The epitope associated with the binding of the capsular polysaccharide of the group B meningococcus and of Escherichia coli K1 to a human monoclonal macroglobulin, IgMNOV

PMCID: PMC2188997  PMID: 2457648

Abstract

The fine structure of the combining site of human mAb IgMNOV to poly- alpha(2----8)linked NeuNAc, the epitope of the group B meningococcal and E. coli K1 polysaccharides, has been probed using RIA and ELISA. Inhibition by oligomers ranging from 2 to 12 residues was used to assay binding to IgMNOV by group B meningococcal polysaccharide preparations (GBMP) or by poly(A). The inhibitory properties of the oligomers were almost identical in both assays of the binding of GBMP to horse IgM (H46).
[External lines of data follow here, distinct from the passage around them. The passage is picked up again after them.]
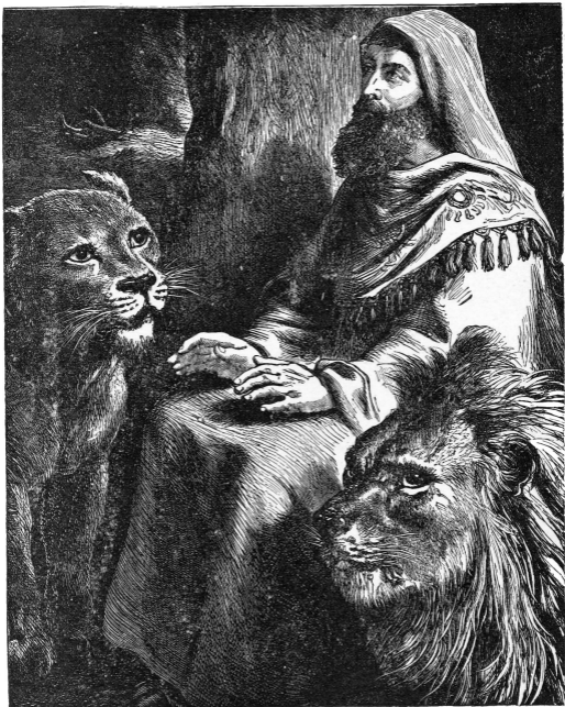
Daniël in den leeuwenkuil.
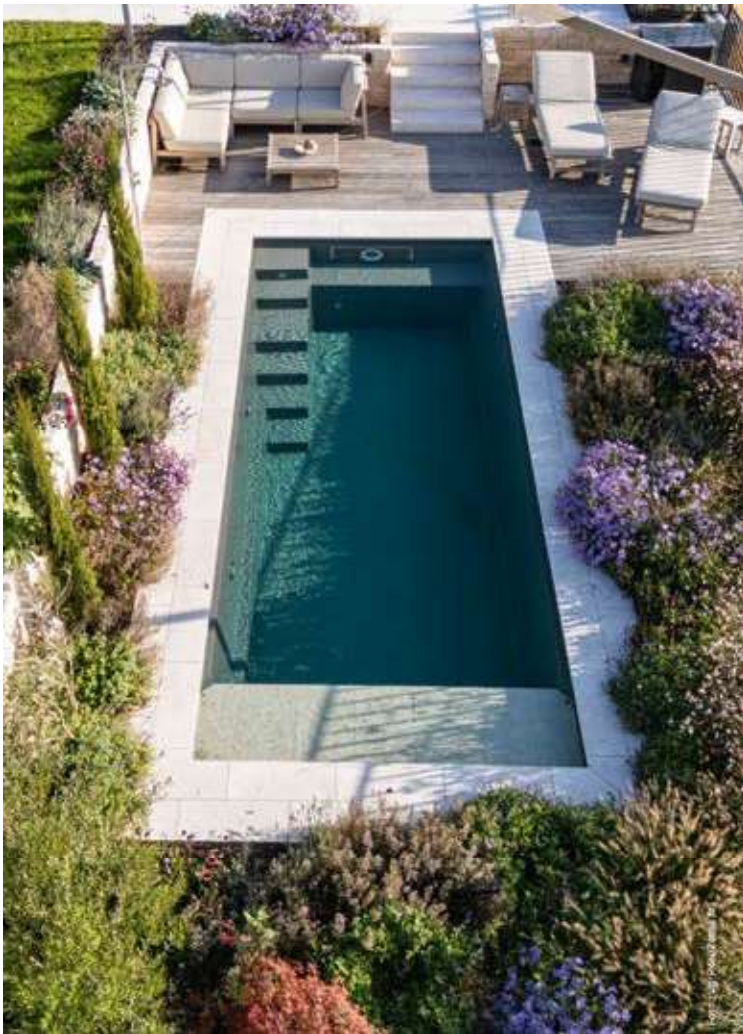
▲ Kategorie Bio Minipool: Zebra AG Garten und Pool, CH-5608 Stetten, www.zebragartenbau.ch
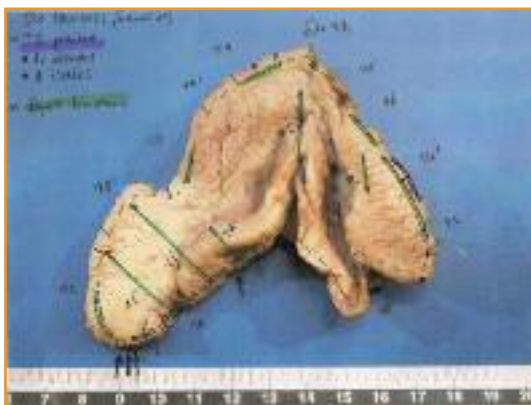
Abbildung 1c: Vulvektomiepräparat. An allen Schnitt-rändern finden sich noch Tumorzellen.

Zwischen 2003 und 2014 sind uns insgesamt 5 Patienten mit EMPD zugewiesen worden. 3 Frauen wiesen rezidivierende Verläufe bei primärem Vulvabefall auf, sie wurden entweder nach mehrfachen, teilweise ausgedehnten Operationen zur postoperativen Bestrahlung bei R1/R2-Situationen oder bei erneuter Tumorprogredienz der Radiotherapie zugeführt. 1 Patient wies eine scrotale Manifestation auf, 1 weiterer Patient eine perianale Manifestation, und beide erhielten eine alleinige Radiotherapie. Von einer Patientin ist anamnestisch ein Mammakarzinom bekannt, das 1987 erfolgreich brusterhaltend behandelt wurde, ohne einen weiteren Tumornachweis. 3 Patienten hatten einen primären EMPD ohne Tumoranamnese. Der Mann mit dem Skrotumbefall wurde Jahre zuvor mit einer radikalen Prostatektomie bei Prostatakarzinom behandelt, auch hier gab es keine
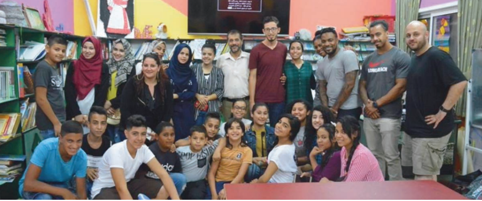
ورشة إخراج سينمائي - نابلس، فلسطين Filmmaking workshop – Nablus, Palestine
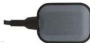
PLOVÁKOVÝ SPÍNAČ OLA INOX
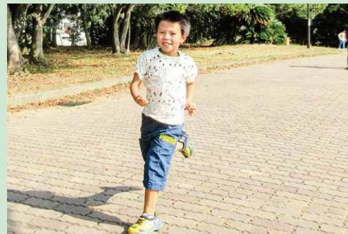
マラソンクラブ タイムトライアル、新記録でるかな？
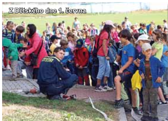
Z Dětského dne 1. června

This evidence and the finding that both GBMP and poly(A) precipitated IgMNOV equally per unit weight indicated that the epitope of poly(A) must mimic an equivalent epitope on GBMP despite the absence of any apparent common structural features in the two molecules. Unlike most carbohydrate-anticarbohydrate systems in which the site is saturated by oligomers of up to six or seven sugars, all the anti- alpha(2----8)NeuNAc systems above required much larger oligomers. Because these oligomers are larger than the maximum size of an antibody site the epitope must be conformationally controlled, and this has been confirmed by nuclear magnetic resonance spectroscopy. However, despite the above similarities, GBMP and poly(A) were differentiated in that only GBMP bound to H46. Smaller linear molecules obtained by delipidating the GBMP, as well as periodate-oxidized GBMP with its nonreducing end oxidized or linked covalently to BSA, bound to and precipitated IgMNOV and H46. This showed that, despite their differences, terminal nonreducing ends were not involved and that both epitopes were located in the conformationally controlled inner residues of the GBMP. The difference thus must reside in the ability of IgMNOV and H46 to recognize different structural aspects of the same conformationally controlled inner residues. The ELISA data indicate that both IgMNOV and H46 have groove-type sites that bind exclusively to an epitope located on the acidic side of the inner residues. The differences determining the ability of IgMNOV and the failure of H46 to cross-react with poly(A), poly(I), and denatured DNA, may depend on differences in the degree of protonation required by each antibody, and this may be clarified by a study of the effects of pH on the precipitin behavior of IgMNOV and H46.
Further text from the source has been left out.